*Task instructions:* Set down, word for word, every line of the material below from the one containing "花蓮的「棺材板」和台南口味不" through the one containing "为响应省教育安全会议精神,进", but none of its pictures.

*Extracted data:*
○ ○ ○

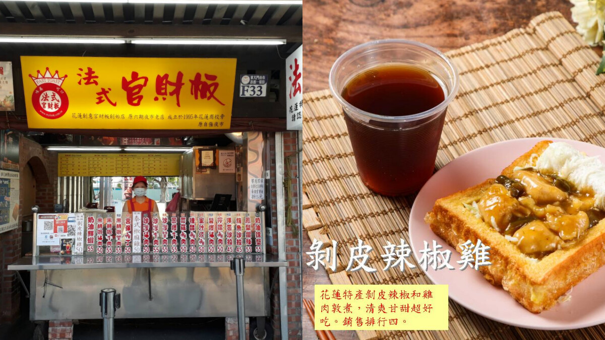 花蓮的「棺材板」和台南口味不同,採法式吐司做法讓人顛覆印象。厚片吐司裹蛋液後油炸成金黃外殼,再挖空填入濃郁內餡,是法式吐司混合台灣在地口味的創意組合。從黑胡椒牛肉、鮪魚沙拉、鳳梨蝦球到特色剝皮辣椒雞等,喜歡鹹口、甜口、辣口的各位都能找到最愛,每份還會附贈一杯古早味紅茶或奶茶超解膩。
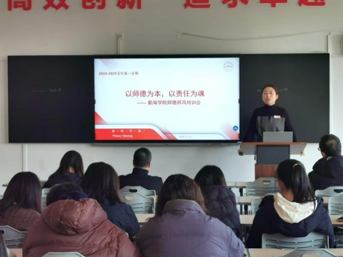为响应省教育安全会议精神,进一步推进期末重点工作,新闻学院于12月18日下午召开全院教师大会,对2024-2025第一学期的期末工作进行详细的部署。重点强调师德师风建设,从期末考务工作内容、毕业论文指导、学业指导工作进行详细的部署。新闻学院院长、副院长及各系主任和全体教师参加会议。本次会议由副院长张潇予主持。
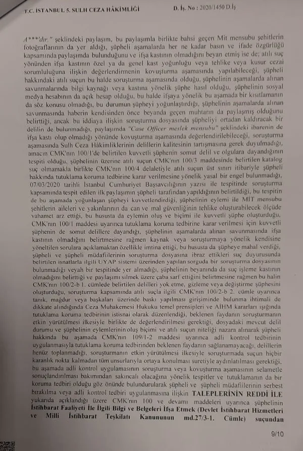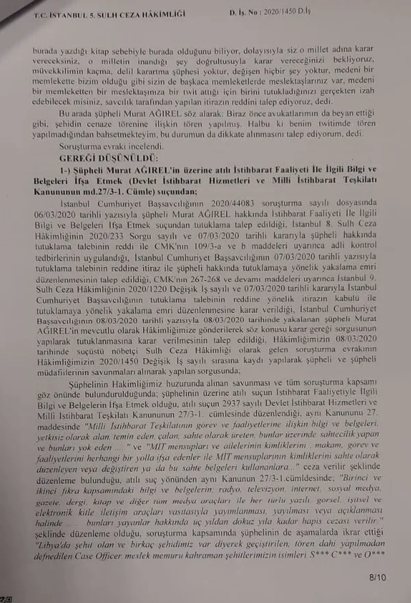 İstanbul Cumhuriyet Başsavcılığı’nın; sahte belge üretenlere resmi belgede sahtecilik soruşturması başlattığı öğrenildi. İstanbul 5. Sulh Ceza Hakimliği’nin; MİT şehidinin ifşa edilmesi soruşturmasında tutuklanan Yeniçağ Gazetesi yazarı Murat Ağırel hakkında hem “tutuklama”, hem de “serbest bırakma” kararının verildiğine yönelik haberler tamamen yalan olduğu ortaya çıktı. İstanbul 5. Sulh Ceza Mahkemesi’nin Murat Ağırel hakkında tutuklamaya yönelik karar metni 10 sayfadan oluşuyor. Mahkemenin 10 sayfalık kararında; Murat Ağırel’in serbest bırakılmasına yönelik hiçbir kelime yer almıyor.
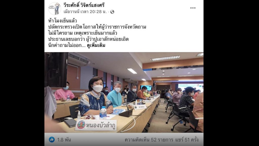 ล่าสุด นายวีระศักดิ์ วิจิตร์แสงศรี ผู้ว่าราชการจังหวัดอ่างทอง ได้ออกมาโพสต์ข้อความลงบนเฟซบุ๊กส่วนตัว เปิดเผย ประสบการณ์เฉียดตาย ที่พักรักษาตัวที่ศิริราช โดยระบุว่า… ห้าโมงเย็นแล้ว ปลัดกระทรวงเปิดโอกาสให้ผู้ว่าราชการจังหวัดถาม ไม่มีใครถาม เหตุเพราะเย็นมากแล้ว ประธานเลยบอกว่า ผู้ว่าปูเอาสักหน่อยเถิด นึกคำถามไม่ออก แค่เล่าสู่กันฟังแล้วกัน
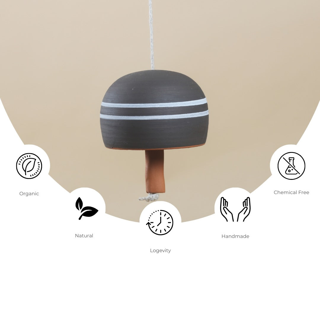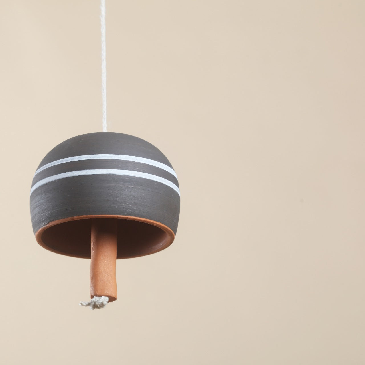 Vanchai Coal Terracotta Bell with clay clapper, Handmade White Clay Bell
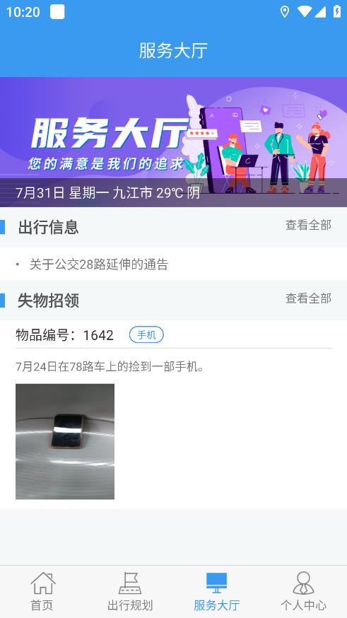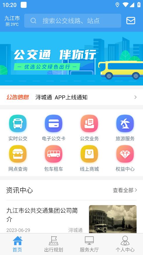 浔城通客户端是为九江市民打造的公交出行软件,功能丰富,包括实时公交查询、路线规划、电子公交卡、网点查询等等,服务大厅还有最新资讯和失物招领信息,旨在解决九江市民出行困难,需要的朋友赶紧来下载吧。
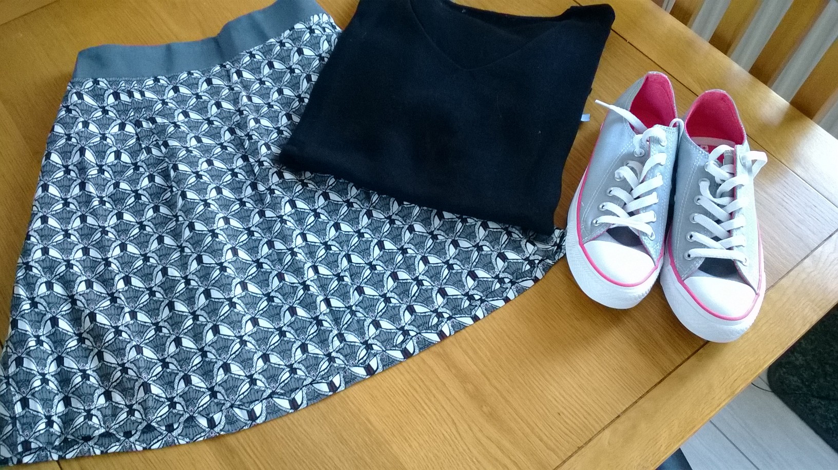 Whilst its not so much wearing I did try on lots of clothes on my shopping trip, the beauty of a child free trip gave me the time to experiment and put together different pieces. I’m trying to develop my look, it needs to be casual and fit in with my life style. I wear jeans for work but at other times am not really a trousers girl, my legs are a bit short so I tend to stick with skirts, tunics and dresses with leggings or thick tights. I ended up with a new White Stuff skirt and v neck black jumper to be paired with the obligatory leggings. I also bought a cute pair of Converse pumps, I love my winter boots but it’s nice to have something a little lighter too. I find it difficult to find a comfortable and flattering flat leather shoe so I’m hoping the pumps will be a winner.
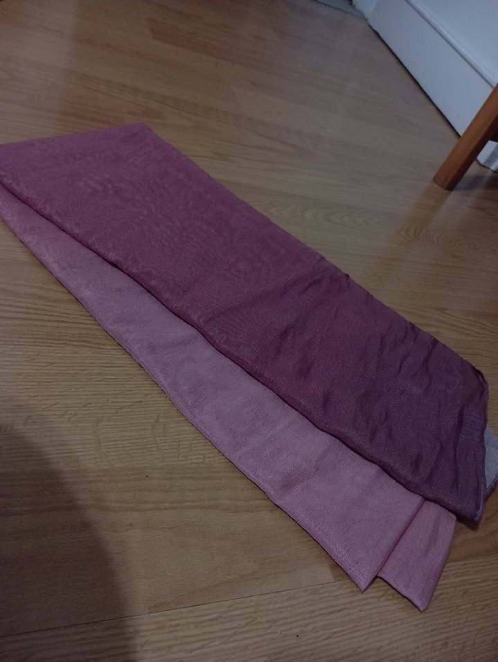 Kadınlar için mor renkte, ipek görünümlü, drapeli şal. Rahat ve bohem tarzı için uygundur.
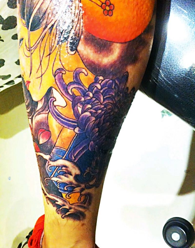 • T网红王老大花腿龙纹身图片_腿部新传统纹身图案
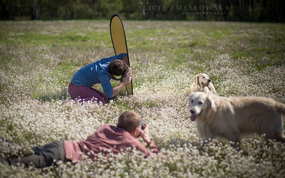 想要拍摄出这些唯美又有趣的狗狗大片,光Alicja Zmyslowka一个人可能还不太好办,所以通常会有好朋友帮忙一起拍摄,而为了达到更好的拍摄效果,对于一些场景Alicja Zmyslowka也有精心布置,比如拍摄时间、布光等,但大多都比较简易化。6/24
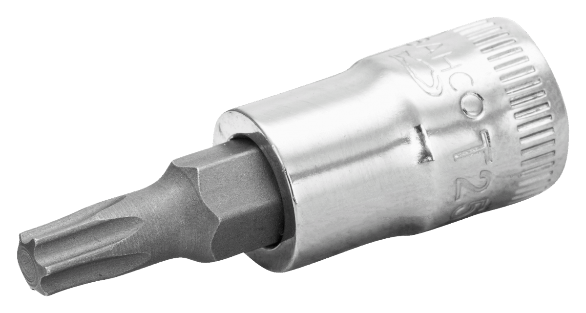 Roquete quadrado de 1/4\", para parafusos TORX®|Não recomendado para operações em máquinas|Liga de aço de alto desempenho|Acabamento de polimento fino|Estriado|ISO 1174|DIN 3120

○ ○ ○

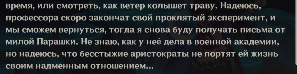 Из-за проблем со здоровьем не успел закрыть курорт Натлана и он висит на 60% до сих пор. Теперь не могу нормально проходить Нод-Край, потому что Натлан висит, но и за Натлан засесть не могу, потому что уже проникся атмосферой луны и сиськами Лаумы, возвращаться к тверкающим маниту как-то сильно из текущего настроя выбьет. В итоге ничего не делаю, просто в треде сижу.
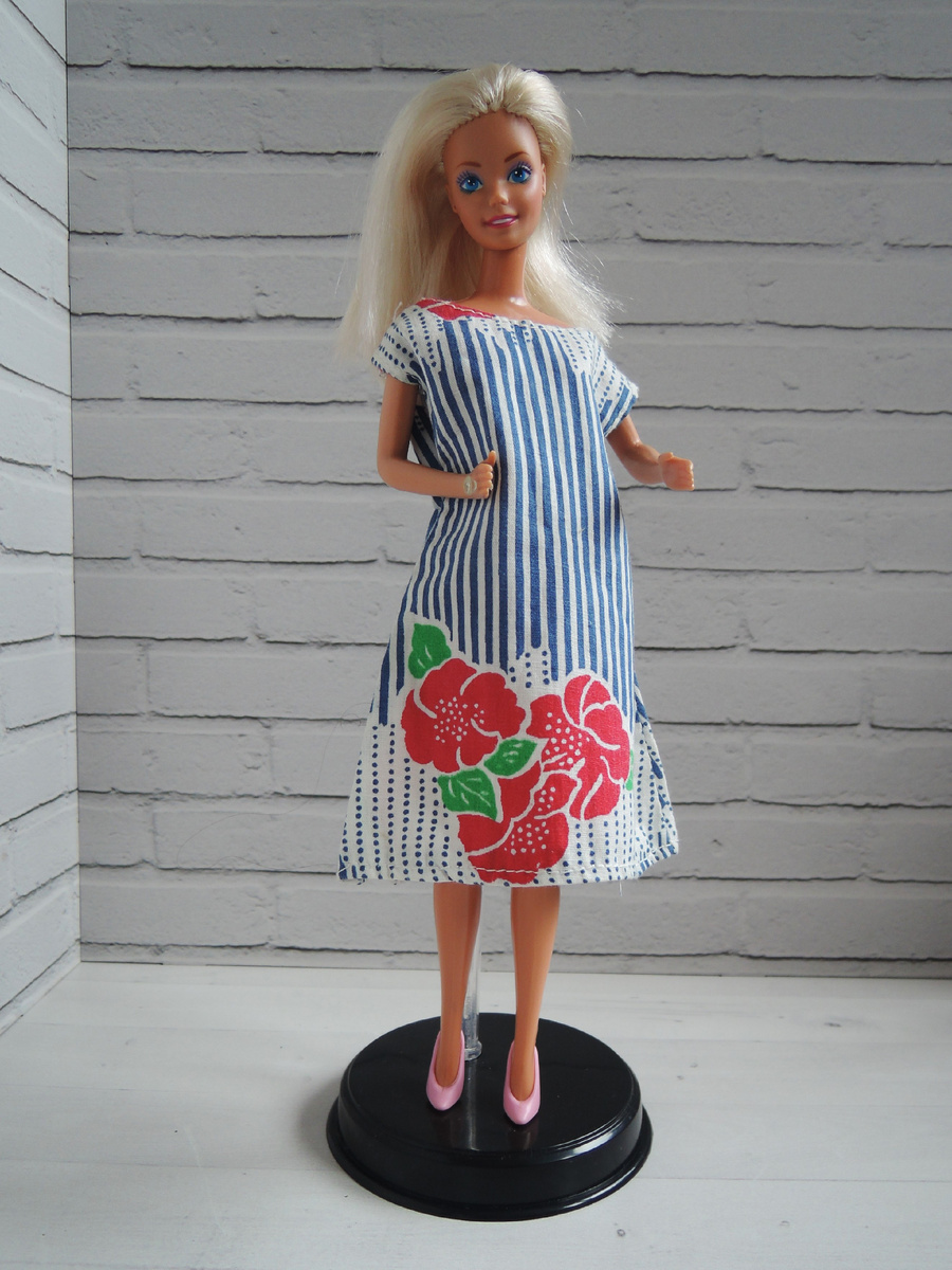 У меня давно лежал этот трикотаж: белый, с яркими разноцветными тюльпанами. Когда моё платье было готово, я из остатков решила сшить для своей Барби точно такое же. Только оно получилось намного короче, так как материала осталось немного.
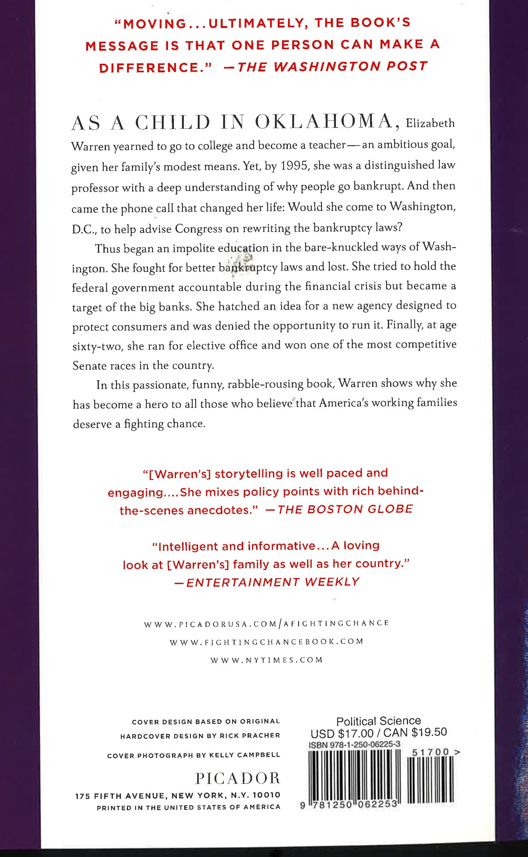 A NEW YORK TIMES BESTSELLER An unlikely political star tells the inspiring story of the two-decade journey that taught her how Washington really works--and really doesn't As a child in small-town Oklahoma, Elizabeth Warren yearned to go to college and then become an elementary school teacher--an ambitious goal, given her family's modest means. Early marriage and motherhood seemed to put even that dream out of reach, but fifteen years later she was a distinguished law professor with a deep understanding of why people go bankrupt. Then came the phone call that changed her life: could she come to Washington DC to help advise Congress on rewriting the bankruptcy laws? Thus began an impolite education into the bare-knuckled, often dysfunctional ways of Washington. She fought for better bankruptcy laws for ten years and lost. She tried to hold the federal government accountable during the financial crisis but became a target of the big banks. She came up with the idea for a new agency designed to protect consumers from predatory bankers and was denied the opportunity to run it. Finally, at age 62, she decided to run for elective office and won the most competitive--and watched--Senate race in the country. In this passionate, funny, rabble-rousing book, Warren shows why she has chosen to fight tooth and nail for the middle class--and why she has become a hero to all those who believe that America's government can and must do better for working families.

○ ○ ○

*Answer box:*
 花蓮的「棺材板」和台南口味不同,採法式吐司做法讓人顛覆印象。厚片吐司裹蛋液後油炸成金黃外殼,再挖空填入濃郁內餡,是法式吐司混合台灣在地口味的創意組合。從黑胡椒牛肉、鮪魚沙拉、鳳梨蝦球到特色剝皮辣椒雞等,喜歡鹹口、甜口、辣口的各位都能找到最愛,每份還會附贈一杯古早味紅茶或奶茶超解膩。
为响应省教育安全会议精神,进一步推进期末重点工作,新闻学院于12月18日下午召开全院教师大会,对2024-2025第一学期的期末工作进行详细的部署。重点强调师德师风建设,从期末考务工作内容、毕业论文指导、学业指导工作进行详细的部署。新闻学院院长、副院长及各系主任和全体教师参加会议。本次会议由副院长张潇予主持。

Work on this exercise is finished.